What is needed
A faithful copy of the data, pictures omitted, is the required answer.

Data extracted from a collection:
<<<<

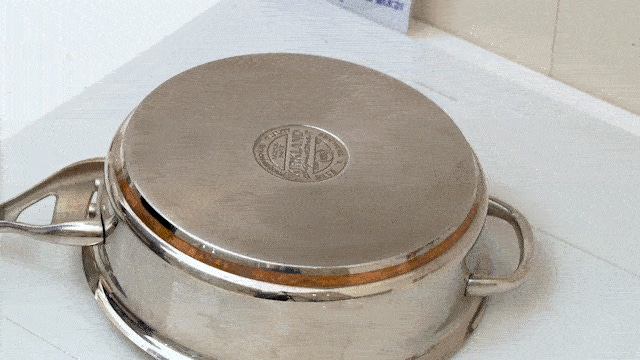表で汚れや焦げなどを取った後に、裏で磨いて光沢を出せば終わりです。
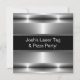 Pojks högteknologiska silver-krom och svartsvart valfri märkre och pizzamall födelsedagsfest inbjudan. Anpassa med information om party.
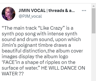 , множество песни от предстоящия албум на Джимин били счетени за неподходящи за излъчване от KBS. Това са три от песните - Face-off, Like crazy и Alone. Face-off, композиран от RM, била счетена за неподходяща заради текстовете съдържащи ругатни, жаргон и неприличен език. Е, нямам търпение да я чуя.
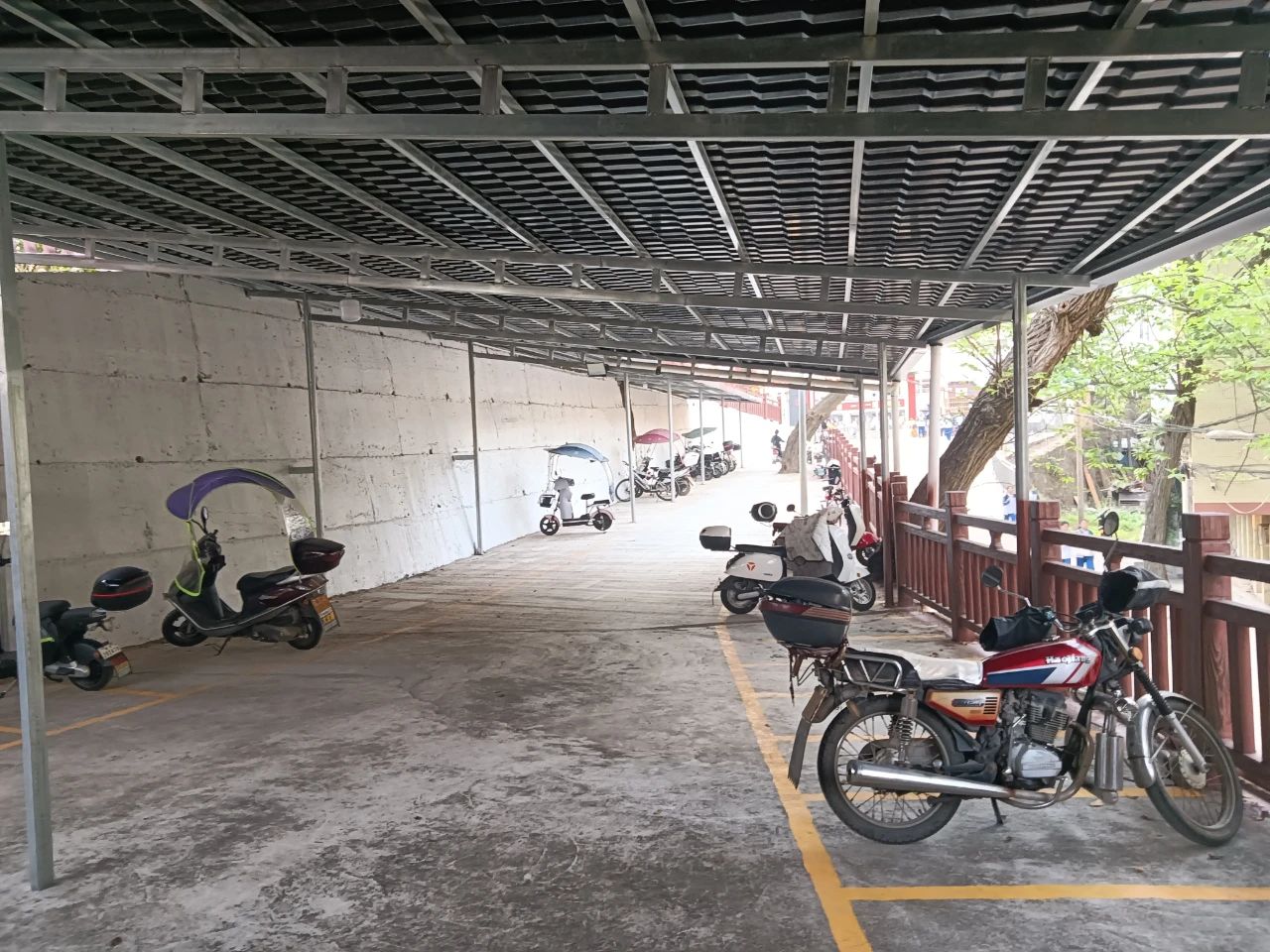 获悉二中校园场地有限,缺乏摩托车棚的实际情况,新丰县总工会想师生所想、急师生所急,平整土地、筑牢挡土墙、安装防护木栏杆、规划摩托车停车位、刷新标记标识,用树脂瓦、钢铁、水管等材料搭建。历时一个月,一个约200平方米、可停放约60辆摩托车的工会爱心摩托车停车棚终于完工,于2024年3月正式投入使用,受到广大师生的好评。
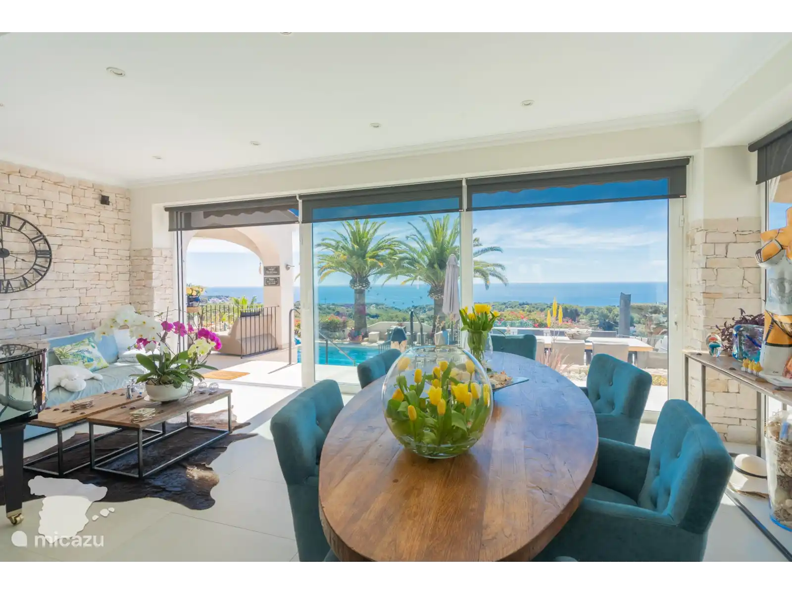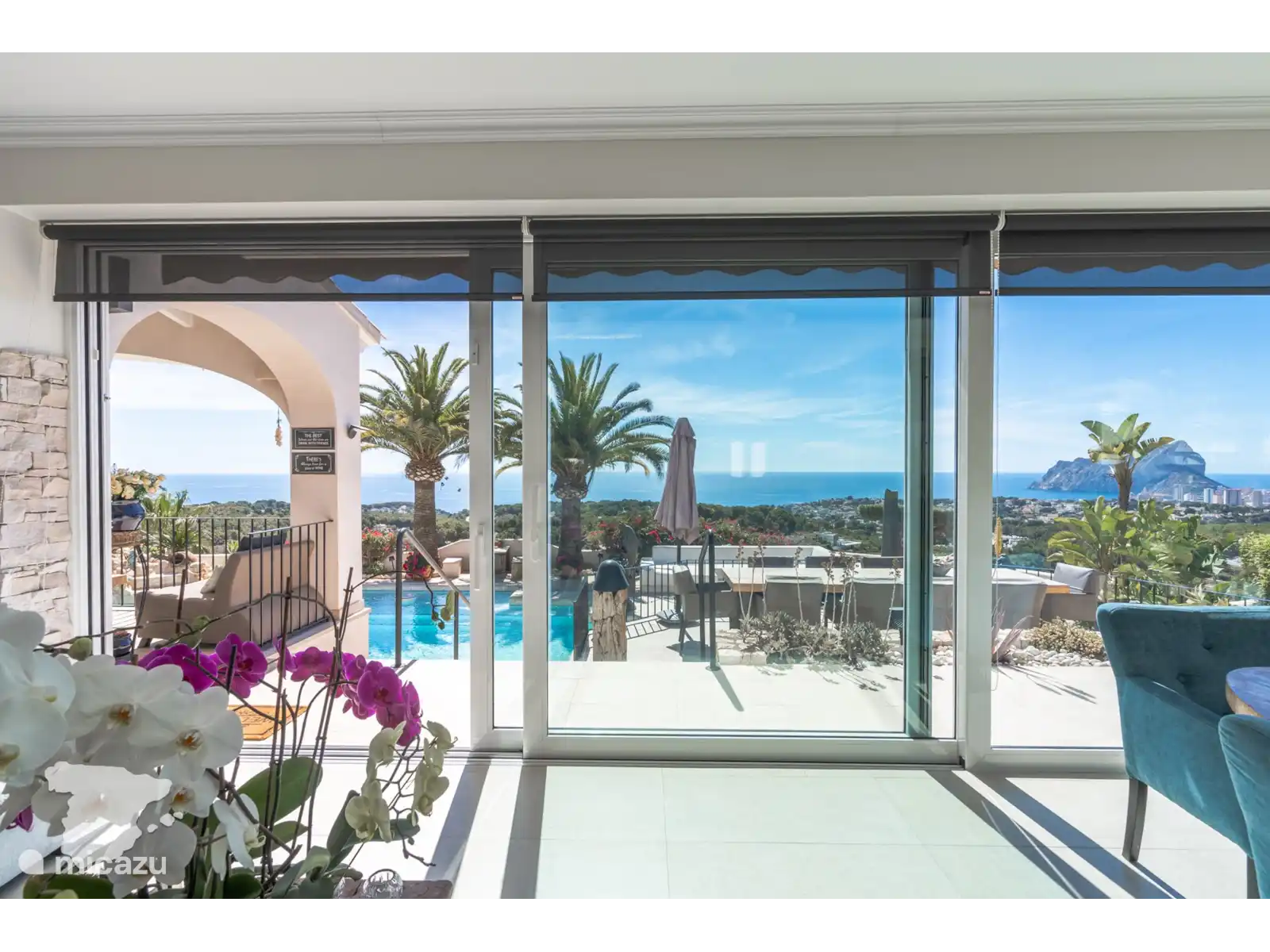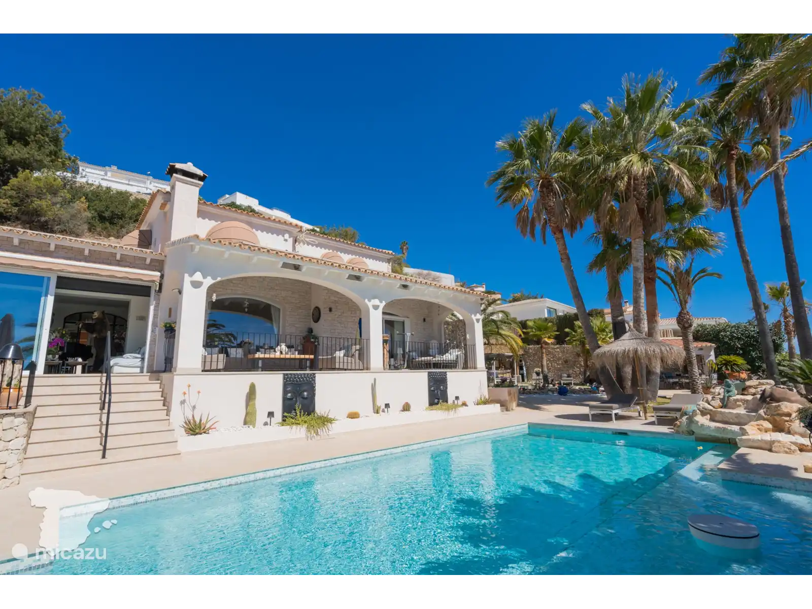 Profitez de la spacieuse cuisine extérieure couverte, équipée d’un coin repas et d’un barbecue, idéale pour les repas en plein air. De nombreux salons confortables et des chaises longues accueillantes vous invitent à vous détendre tout en profitant de la vue à couper le souffle, le tout dans les limites d’un jardin entièrement clôturé.
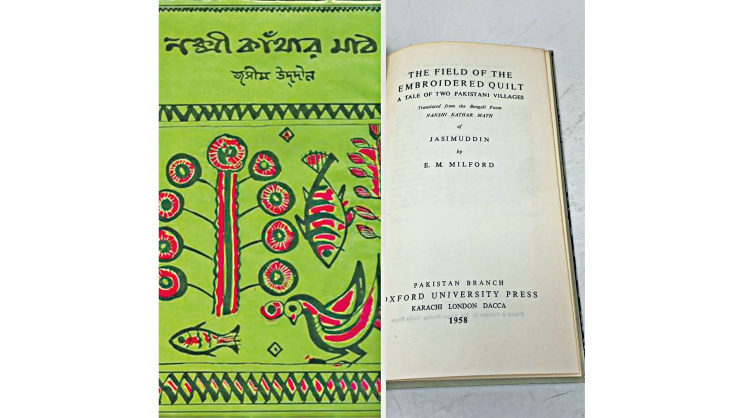 In 1964, Tofail Ahmed, a collector of folk art, lamented that the kantha was “a lost art.” He noted that Jasim Uddin’s poem had become better known than the article itself and that, when the average Bengali spoke of the nakshi kantha or heard the term, it was the poem that was referred to or understood. With changing tastes and lifestyles, the popular craft of kantha was becoming a lost art. He believed that it would be in Jasim Uddin’s poem alone that the kantha would be preserved. “Drishtibhangi o paribartaner sange purba Pakistaner e gana shilpa lupta hoye jacche. Pallikabi Jasimuddiner ‘Naskshi Kanthar Maather’ bhitar diye amar thakbe e lupta shilper smriti.”
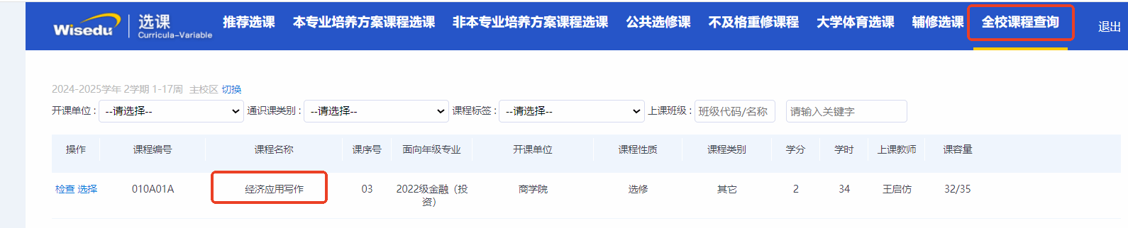 二、选课结果查询
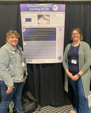Also in attendance were Children’s Home Shelter for Family Safety Outreach Advocate Kate Feilmeier and Family Engagement specialist Loree Crawford, shown here with their poster highlighting the achievements of CHWs at CHS. Our other two CHWs, Family Engagement Specialists Sarah Crawford and Angella Kegler, were not preset but their achievements were represented on the poster.
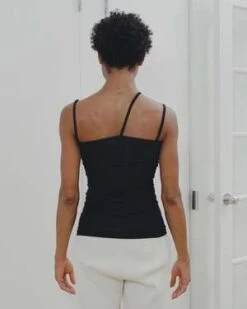 fine rib tank features thin shoulder straps and third asymmetrical third strap
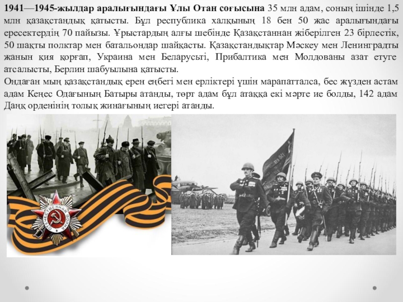 Слайд 141941—1945-жылдар аралығындағы Ұлы Отан соғысына 35 млн адам, соның ішінде 1,5
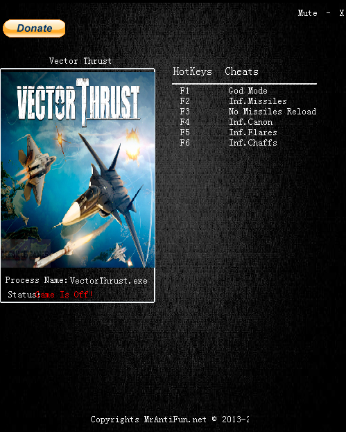 矢量推力五项修改器是针对该游戏制作的一款含无限道安、无限加农炮等共无项属性修改工具,下附详细使用说明,操作简单易用,轻松修改游戏,获得极致游戏体验,欢迎下载,祝你游戏愉快!
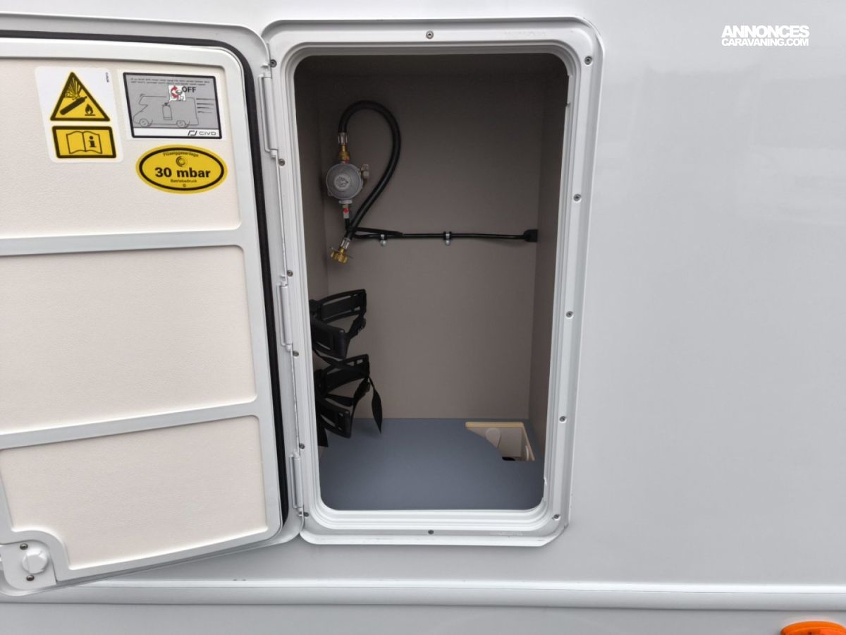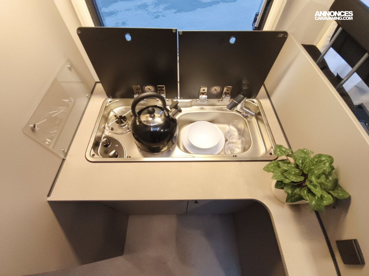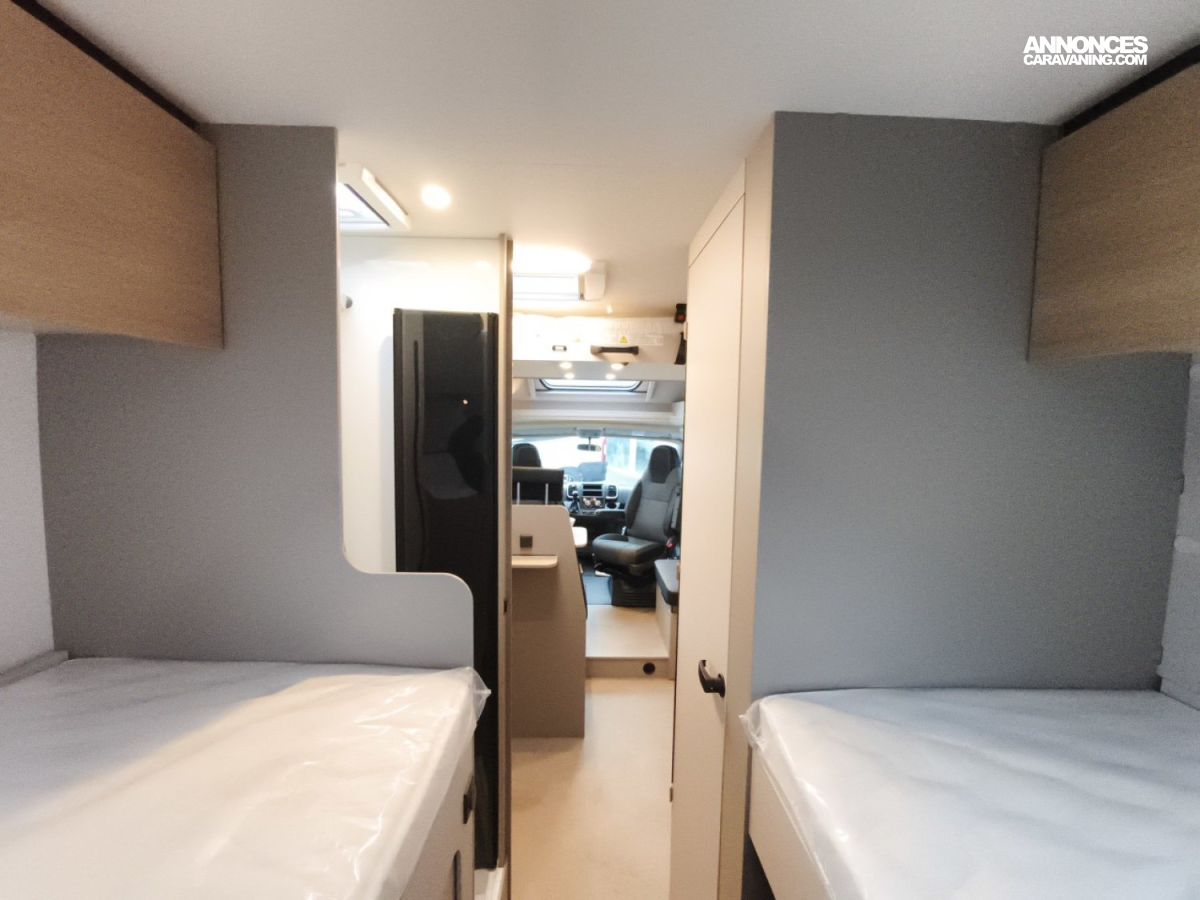 Porte moustiquaire, Toit panoramique de cabine avec store occultant et moustiquaire, Système ISOFIX pour 2 sièges, Store extérieur coloris noir mat avec bande LED, Stores plissés de cabine, Tableau d'affichage avec 2 élastiques, 2 coussins Relax
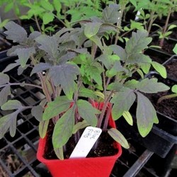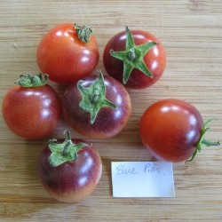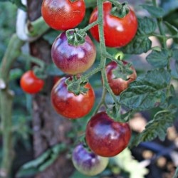 De kleinste tomaatjes in ons sortiment noemen we kerstomaatjes of pingpongtomaatjes, naargelang de grootte. Enkele variëteiten zijn langwerpig of hartvormig en krijgen navenant een iets andere benaming. Sommige zijn zelfs oorspronkelijke, wilde soorten. De meesten smaken extra zoet, een enkeling heeft een zoetzure smaak. Kerstomaten liggen het dichtst bij de oorspronkelijke soorten, wellicht daardoor zijn ze o.h.a. beter bestand tegen de gevreesde aardappelziekte. De verbazing begint al bij de jonge planten: Het blad kleurt purpergroen! De vruchtjes kleuren van groen, via geel en oranje naar dieprood, steeds met een dieper wordende blauwe hoed. Al die 5 kleuren sieren de plant tot een bonte pracht. Deze kerstomaat bewaart lang en de planten zijn zeer goed bestand tegen Phytophthora.

>>>>

Expected answer
表で汚れや焦げなどを取った後に、裏で磨いて光沢を出せば終わりです。
 Pojks högteknologiska silver-krom och svartsvart valfri märkre och pizzamall födelsedagsfest inbjudan. Anpassa med information om party.
 , множество песни от предстоящия албум на Джимин били счетени за неподходящи за излъчване от KBS. Това са три от песните - Face-off, Like crazy и Alone. Face-off, композиран от RM, била счетена за неподходяща заради текстовете съдържащи ругатни, жаргон и неприличен език. Е, нямам търпение да я чуя.
 获悉二中校园场地有限,缺乏摩托车棚的实际情况,新丰县总工会想师生所想、急师生所急,平整土地、筑牢挡土墙、安装防护木栏杆、规划摩托车停车位、刷新标记标识,用树脂瓦、钢铁、水管等材料搭建。历时一个月,一个约200平方米、可停放约60辆摩托车的工会爱心摩托车停车棚终于完工,于2024年3月正式投入使用,受到广大师生的好评。
 Profitez de la spacieuse cuisine extérieure couverte, équipée d’un coin repas et d’un barbecue, idéale pour les repas en plein air. De nombreux salons confortables et des chaises longues accueillantes vous invitent à vous détendre tout en profitant de la vue à couper le souffle, le tout dans les limites d’un jardin entièrement clôturé.
 In 1964, Tofail Ahmed, a collector of folk art, lamented that the kantha was “a lost art.” He noted that Jasim Uddin’s poem had become better known than the article itself and that, when the average Bengali spoke of the nakshi kantha or heard the term, it was the poem that was referred to or understood. With changing tastes and lifestyles, the popular craft of kantha was becoming a lost art. He believed that it would be in Jasim Uddin’s poem alone that the kantha would be preserved. “Drishtibhangi o paribartaner sange purba Pakistaner e gana shilpa lupta hoye jacche. Pallikabi Jasimuddiner ‘Naskshi Kanthar Maather’ bhitar diye amar thakbe e lupta shilper smriti.”
 二、选课结果查询
Also in attendance were Children’s Home Shelter for Family Safety Outreach Advocate Kate Feilmeier and Family Engagement specialist Loree Crawford, shown here with their poster highlighting the achievements of CHWs at CHS. Our other two CHWs, Family Engagement Specialists Sarah Crawford and Angella Kegler, were not preset but their achievements were represented on the poster.
 fine rib tank features thin shoulder straps and third asymmetrical third strap
 Слайд 141941—1945-жылдар аралығындағы Ұлы Отан соғысына 35 млн адам, соның ішінде 1,5
 矢量推力五项修改器是针对该游戏制作的一款含无限道安、无限加农炮等共无项属性修改工具,下附详细使用说明,操作简单易用,轻松修改游戏,获得极致游戏体验,欢迎下载,祝你游戏愉快!
 Porte moustiquaire, Toit panoramique de cabine avec store occultant et moustiquaire, Système ISOFIX pour 2 sièges, Store extérieur coloris noir mat avec bande LED, Stores plissés de cabine, Tableau d'affichage avec 2 élastiques, 2 coussins Relax
 De kleinste tomaatjes in ons sortiment noemen we kerstomaatjes of pingpongtomaatjes, naargelang de grootte. Enkele variëteiten zijn langwerpig of hartvormig en krijgen navenant een iets andere benaming. Sommige zijn zelfs oorspronkelijke, wilde soorten. De meesten smaken extra zoet, een enkeling heeft een zoetzure smaak. Kerstomaten liggen het dichtst bij de oorspronkelijke soorten, wellicht daardoor zijn ze o.h.a. beter bestand tegen de gevreesde aardappelziekte. De verbazing begint al bij de jonge planten: Het blad kleurt purpergroen! De vruchtjes kleuren van groen, via geel en oranje naar dieprood, steeds met een dieper wordende blauwe hoed. Al die 5 kleuren sieren de plant tot een bonte pracht. Deze kerstomaat bewaart lang en de planten zijn zeer goed bestand tegen Phytophthora.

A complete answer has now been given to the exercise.